UNITED NATIONS'
AGENDA 21 COMES TO BRAZIL: WHOLE TOWNS BEING EVICTED AT
GUNPOINT
01-08-2013 11:42 am - Alex Newman - The New American
Federal Brazilian police and military personnel, some wearing
United Nations insignia, are forcibly relocating whole communities in Brazil at
gunpoint under the guise of returning huge tracts of land to a small group of
Indians whose ancestors were allegedly there at some point. Thousands of local
residents who have lived in the area for decades or were even born there,
however, are fighting back, with critics saying the government’s actions smack
of Stalinism and may constitute crimes against humanity.
Since the latest
controversial operation began in November in the state of Mato Grosso, according
to authorities and news reports, citizens opposed to being stripped of their
property and homes have been doing everything in their power to stop the assault
— setting up road blocks, battling heavily armed federal forces with stones,
sticks, and Molotov cocktails, torching government trucks, protesting, and
refusing to leave. Others cried as they tore down their own simple houses under
armed guard.
Reporters on the scene and even federal lawmakers suspect
bloodshed may be near. The government, however, has vowed to expel the
communities at any cost, threatening those who refuse to comply with criminal
charges and even confiscation of what little remains of their personal property.
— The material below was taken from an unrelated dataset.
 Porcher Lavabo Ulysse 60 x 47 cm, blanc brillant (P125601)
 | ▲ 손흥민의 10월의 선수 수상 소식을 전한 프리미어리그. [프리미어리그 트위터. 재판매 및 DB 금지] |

Rubber bullets, tear gas, and threats of real bullets and prosecution have all
been employed to forcibly remove the locals, whom the government continues to
dehumanize as “invaders” and “intruders.”
Critics and local residents
have accused the government of Brazil of mass corruption, saying the end goal is
to smash private property ownership and all potential resistance — starting with
the rural population. They argue, among other points, that federal authorities
are doing the bidding of foreign interests and are in cahoots with the UN,
massive international corporations, Western-based non-governmental organizations
like Greenpeace, and other interests.
“This is just one more case among
many. The policy of Brazil’s leftist government is to dismantle the country to
deliver it all to ‘native reserves,’ which are nothing more than instruments of
billionaire foreign Non-Governmental Organizations (NGOs),” explained renowned
Brazilian writer and philosopher Professor Olavo de Carvalho, who has played a
key role in exposing the well-orchestrated socialist takeover of Latin
America.
The so-called “pink tide” sweeping over the region is being led
in part by top Brazilian Labor Party (PT) officials, who currently hold power,
collaborating with totalitarian regimes in the region. As The New American has
documented extensively, a shadowy network of socialist and communist political
parties as well as Marxist terror groups known as Foro de São Paulo — founded by
former Brazilian President Luiz Inacio “Lula” da Silva, communist tyrant Fidel
Castro, the Sandinistas, and others — now dominates Latin American
politics.
The justification used in the most recent land grab case in
Mato Grosso’s Suiá-Missu, however, is unparalleled in terms of cynicism,
Carvalho, the conservative Brazilian leader, told The New American. “Ages ago,
Brazilian Indians used to avoid settling in a particular place; they traveled
long distances and created temporary residences along the way,” he explained.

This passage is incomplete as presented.